- Born: Marcel Francois Chagnon February 9, 1975 (age 51)
- Origin: Grosse Pointe, Michigan, United States
- Genres: Country
- Occupations: Singer; songwriter; music video director;
- Instruments: Vocals; guitar; harmonica;
- Years active: 2003-present
- Labels: Mercury Nashville; Lyric Street; Red Stripe Plane;
- Spouse: Jessica Andrews ​(m. 2011)​

= Marcel (singer) =

American singer

Marcel Francois Chagnon (born February 9, 1975), known mononymously as Marcel, is an American country music singer, songwriter, and music video director. Signed to Mercury Nashville Records in 2003, he released his debut album You, Me, and the Windshield that year and charted on the Billboard Hot Country Songs charts with the single "Country Rock Star". Five years later, he signed to Lyric Street Records and released the single "I Love This Song", which has also charted. In addition to his recording career, Marcel has directed several music videos, and has written charted singles for Josh Gracin, Trace Adkins, and Jessica Andrews, to whom he is married.

== Career ==
Born in Grosse Pointe, Michigan, Marcel was a semi-pro hockey player until signing with Mercury Nashville Records in 2002. For four years prior to this, while waiting for an opportunity, he sang at clubs, bars, and waited tables for extra money.

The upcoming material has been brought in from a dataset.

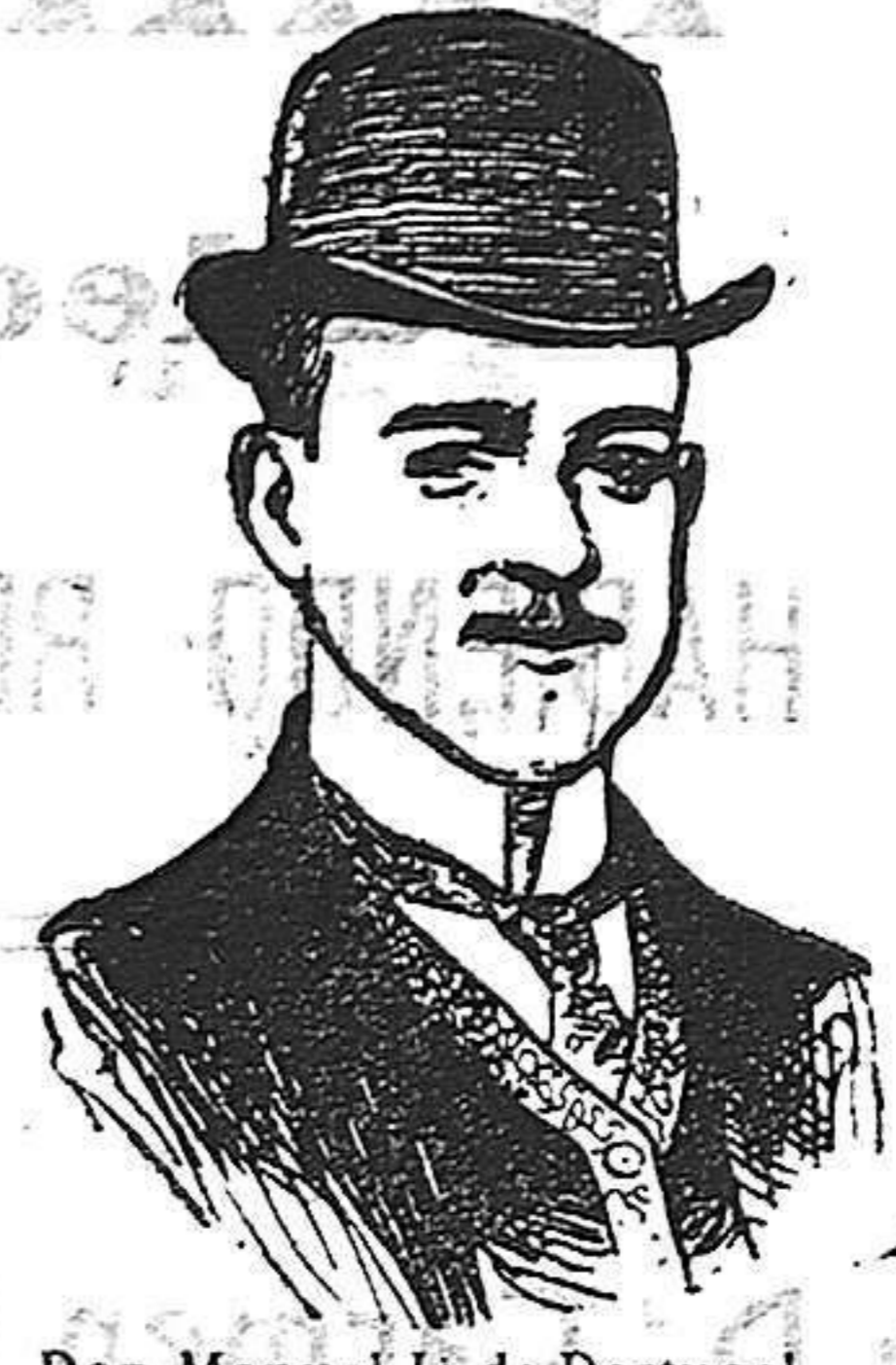
Don Manuel II de Portugal

trono después de una horrenda tragedia buscará la tranquilidad para su espíritu en una nación extranjera, lejos del país donde alegres corrieron los primeros años de su infancia.

In 2003, he released his debut album You, Me and the Windshield. The tracks "Country Rock Star" and "Tennessee" from this album were released as singles. After this he returned to writing songs for other artists.

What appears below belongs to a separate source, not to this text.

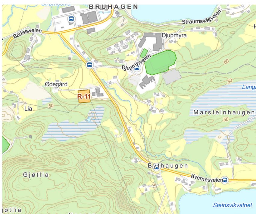
Bilde 3: Kart over plassering av riggplass ved Bruvoll transformatorstasjon (R-11, oransje område). Kilde: Mellom, 9. september 2024

Begge riggarealene ligger helt eller delvis på dyrket mark. Riggplassen ved Øvre Rå ligger i sin helhet på dyrket mark. Riggplassen ved Bruvoll transformatorstasjon er tidligere brukt som riggplass for nylig avsluttet prosjekt for ledning mellom Bruvoll og Engviklia, og er
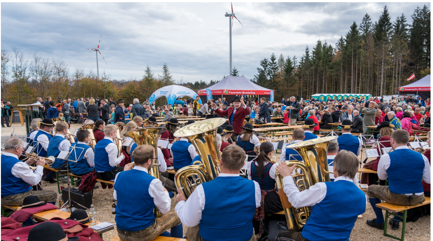
Eröffnung 6. Windkraftanlage am 26.10.2022

Hand besprechen zu können. Die Termine dazu und die Anmeldemöglichkeit entnehmen Sie bitte der Gemeinde-website.

Marcel has co-written two of Josh Gracin's singles: "Nothin' to Lose", which previously appeared on You, Me and the Windshield, and "Favorite State of Mind". Jessica Andrews also released two of his songs as singles: "There's More to Me Than You" and "Everything". Rascal Flatts, LeAnn Rimes, and Big & Rich have also recorded his songs.

In 2008, Marcel signed to Lyric Street Records, releasing his third single, "I Love This Song" that year. When the song failed to reach Top 40, he exited Lyric Street's roster. In February 2009, he signed to the Red Stripe Plane label. He had a cameo in Hannah Montana: The Movie, playing guitar in Billy Ray Cyrus' band. He is also shown in Cyrus' video for "Back to Tennessee".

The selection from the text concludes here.